El 18 de julio de 1994 a las 9.53 se escuchó una fuerte explosión, seguida por un gigantesco hongo de humo y polvo, destruyó 85 vidas, 85 historias, 85 familias.
En cuestión de segundos arrasó con la sede de la organización judía más emblemática de la Argentina y todo lo que estaba a su alrededor.
Pánico. Ambulancias. Gente corriendo. Vidrios rotos cayendo de las ventanas de los edificios, cubriendo toda la calle. Gritos que surgían de la multitud mezclaban historias milagrosas y trágicas casualidades del destino.
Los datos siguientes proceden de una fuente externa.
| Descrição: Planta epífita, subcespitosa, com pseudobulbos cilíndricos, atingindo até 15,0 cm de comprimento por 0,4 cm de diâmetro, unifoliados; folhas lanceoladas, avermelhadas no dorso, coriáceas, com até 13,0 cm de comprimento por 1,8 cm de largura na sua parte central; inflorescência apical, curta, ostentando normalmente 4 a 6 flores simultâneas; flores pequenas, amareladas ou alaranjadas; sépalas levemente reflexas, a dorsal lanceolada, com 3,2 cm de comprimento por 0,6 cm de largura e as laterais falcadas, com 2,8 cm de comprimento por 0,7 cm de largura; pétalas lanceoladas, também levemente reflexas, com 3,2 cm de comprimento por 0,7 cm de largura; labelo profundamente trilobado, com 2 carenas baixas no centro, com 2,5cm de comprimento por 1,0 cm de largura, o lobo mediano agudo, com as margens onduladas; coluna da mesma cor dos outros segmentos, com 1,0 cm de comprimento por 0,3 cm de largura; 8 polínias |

Muerte por decenas. Muerte. Muerte. Personas gravemente heridas trasladadas a centros asistenciales. Espontáneamente cientos de voluntarios se hacen presentes para ayudar, para contener, para compartir el llanto.
La comunidad debía reorganizarse. El edificio de la calle Ayacucho 632 comenzó a funcionar como centro de reunión e información sobre las víctimas del atentado y sede de AMIA. En poco tiempo las funciones esenciales se reanudaron, en especial las relacionadas con el servicio social.
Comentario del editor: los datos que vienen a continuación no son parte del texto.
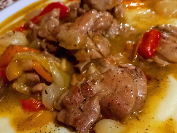 Εκτέλεση για το ζουμερό κοτόπουλο με χρωματιστές πιπεριές και πουρέ
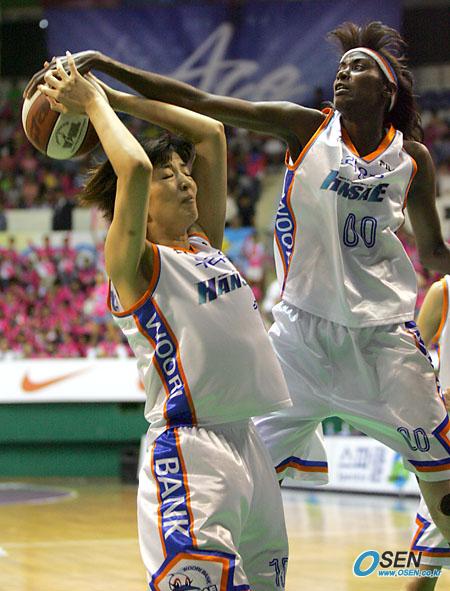 12일 서울 장충체육관에서 벌어진 신한은행배 2005 여자프로농구 여름리그 4강 플레이오프 3차전서 우리은행의 크롤리가 리바운드를 노리다 동료 홍현희(왼쪽)가 먼저 잡아낸 리바운드 볼을 건드리고 있다./장충체=주지영 기자 jj0jj0@osen.co.kr [Copyright ⓒ OSEN(www.osen.co.kr) 무단전재 및 재배포 금지]
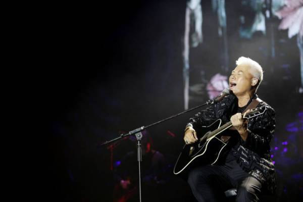 巫启贤(老巫)前晚在新加坡室内体育馆举行《爱的太傻亚洲巡回演唱会》,近3小时的演唱会中老巫演唱了约25首经典歌曲,让现场观众走进时光隧道,听得如痴如醉。
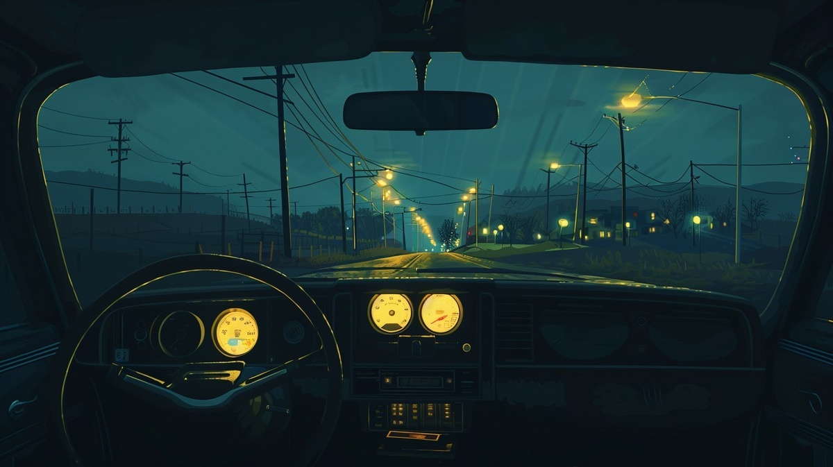 Создано на основе запроса: inside a car at night, viewed from the driver’s seat perspective, clear view of the rearview mirror and glowing center console with radio, lampposts on a narrow road ahead, soft dashboard lights, moody cinematic lighting, lonely atmosphere, liminal feeling, small town surroundings, ambient shadows, painterly and melancholic, edward hopper style --- Автоперевод: Внутри автомобиля ночью, с точки зрения сиденья водителя, ясного обзора зеркала заднего вида и светящейся центральной консоли с радио, лампостами на узкой дороге впереди, мягких огнями приборной панели, капризным кинематографическим освещением, одиноким атмосферой, ощущением лиминального, окружающей Отлично вышло? 🤔 https://dzen.ru/id/65c0c65c86e4f837c27b24d7 #ИИ #AI #нейросеть #midjourney #art

La comunidad, en medio de tanto dolor, respondía.
Hubo 85 víctimas fatales. Más de 300 heridos. Un edificio con la historia judía de la Argentina destruido. Una herida abierta que hasta el día de hoy no cierra.
El más horrendo acto antijudío después de la Segunda Guerra Mundial sucedió en la Argentina; en Pasteur 633. Era un 18 de julio de 1994, 9.53.